FOR PUBLICATION
UNITED STATES COURT OF APPEALS
FOR THE NINTH CIRCUIT
UNITED STATES OF AMERICA, No. 18-10070
Plaintiff-Appellee,
D.C. No.
v. 4:16-cr-00478-
JGZ-LAB-19
JESSICA BRIDGET SOTO,
Defendant-Appellant. OPINION
Appeal from the United States District Court
for the District of Arizona
Jennifer G. Zipps, District Judge, Presiding
Submitted December 17, 2018 *
San Francisco, California
Filed February 8, 2019
Before: Ronald Lee Gilman, ** Richard A. Paez,
and John B. Owens, Circuit Judges.
Opinion by Judge Gilman
*
The panel unanimously concludes this case is suitable for decision
without oral argument. See Fed. R. App. P. 34(a)(2).
**
The Honorable Ronald Lee Gilman, United States Circuit Judge
for the U.S. Court of Appeals for the Sixth Circuit, sitting by designation.
2 UNITED STATES V. SOTO
SUMMARY ***
Criminal Law
The panel affirmed the district court’s forfeiture order in
a case in which the defendant pleaded guilty to one count of
attempting to export ammunition from the United States, in
violation of 18 U.S.C. § 554, and one count of conspiracy to
export firearms and ammunition, in violation of 18 U.S.C.
§ 371.
The panel rejected the defendant’s argument that
forfeiture is unavailable in this case because §§ 371 and
554(a) are not expressly mentioned in the federal forfeiture
statute.
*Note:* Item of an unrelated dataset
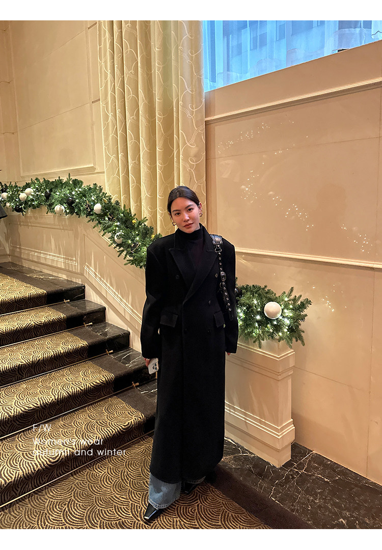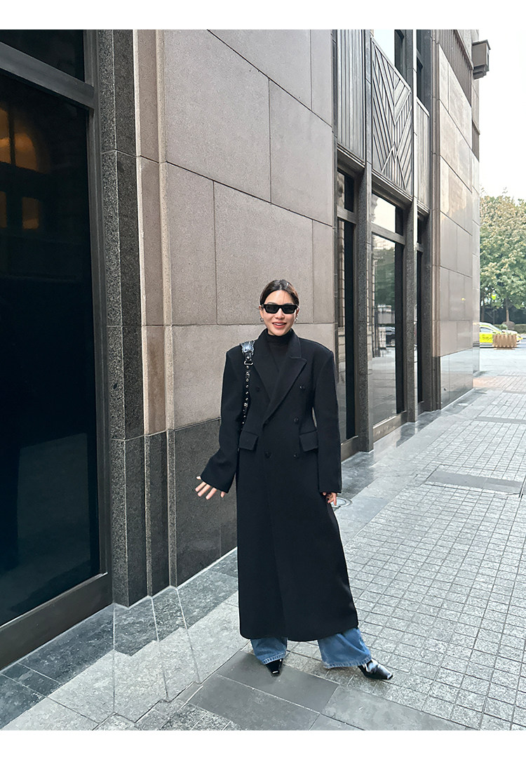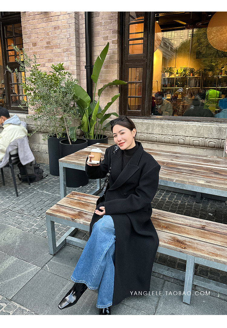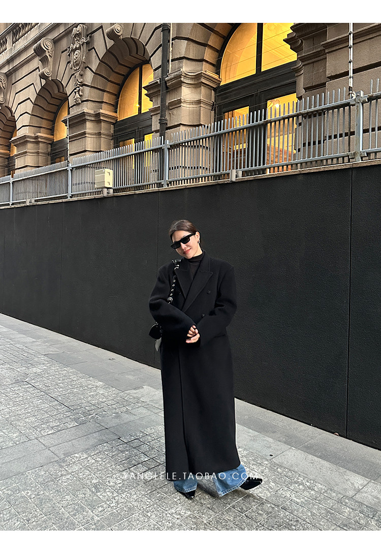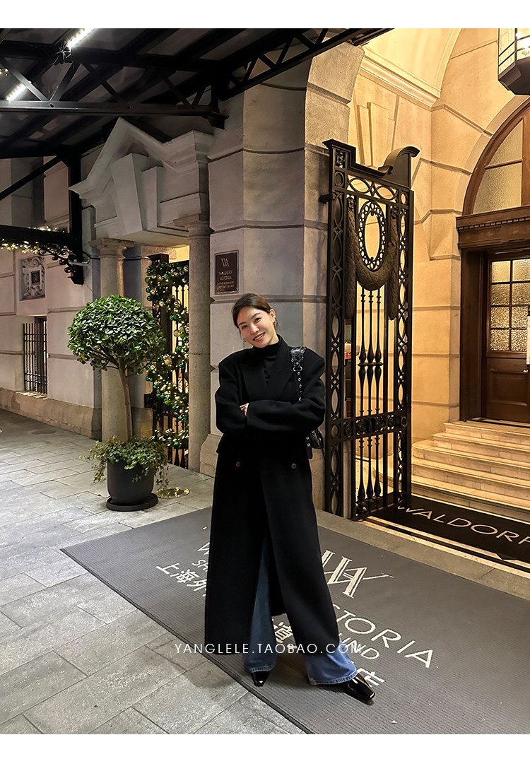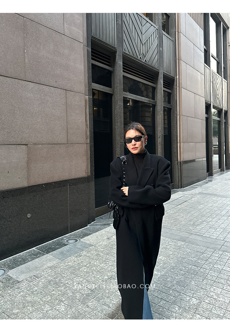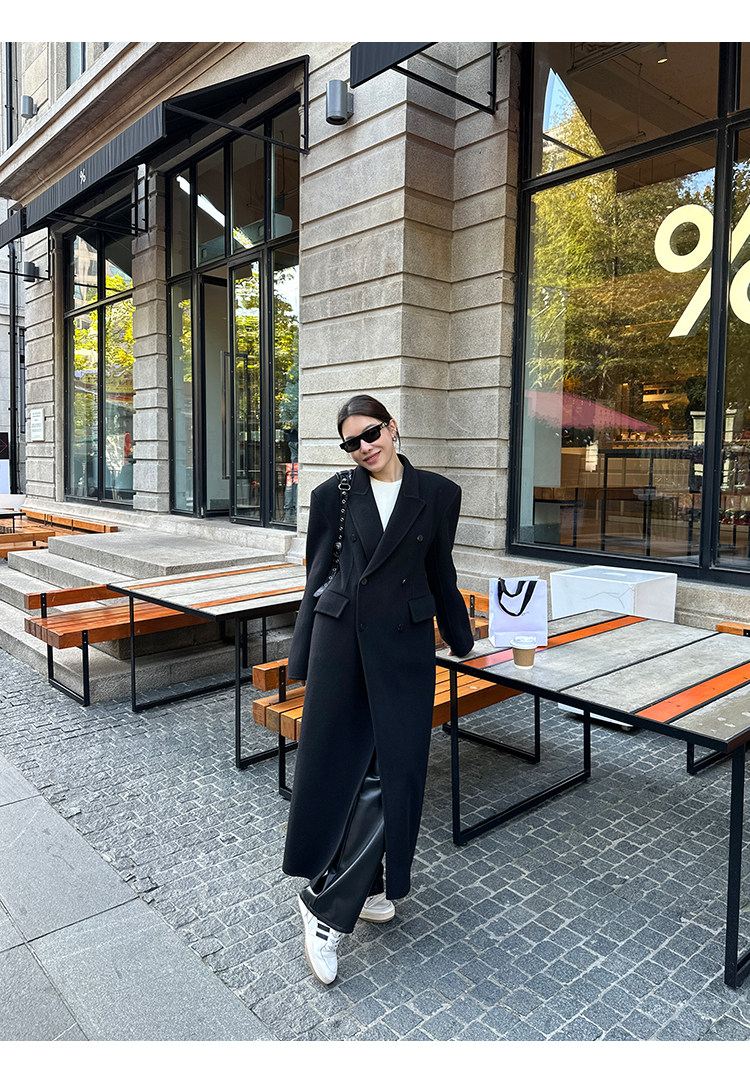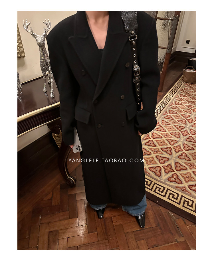 Черное двусторонное шерстяное зимнее шерстяное пальто, 2024 года, оверсайз

The panel held that the district court did not err in
ordering forfeiture because 18 U.S.C. § 924(d)(1) authorizes
forfeiture of firearms and ammunition involved in a federal
crime.
The panel held that, under 21 U.S.C. § 853(p), the district
court did not err in ordering the forfeiture of substitute
property up to the value of ammunition that the defendant
had transferred to a coconspirator.
The panel held that because the defendant did not
challenge the adequacy of the notice of forfeiture in the
indictment before the district court or in her opening brief,
the challenge (first raised in her reply brief) is not
reviewable. The panel wrote that even if the adequacy of the
***
This summary constitutes no part of the opinion of the court. It
has been prepared by court staff for the convenience of the reader.
UNITED STATES V. SOTO 3
notice were reviewable, the district court did not commit
plain error regarding the adequacy of the notice.
COUNSEL
A. Bates Butler III, Tucson, Arizona, for Defendant-
Appellant.
Robert L. Miskell, Chief, Appellate Section; Elizabeth A.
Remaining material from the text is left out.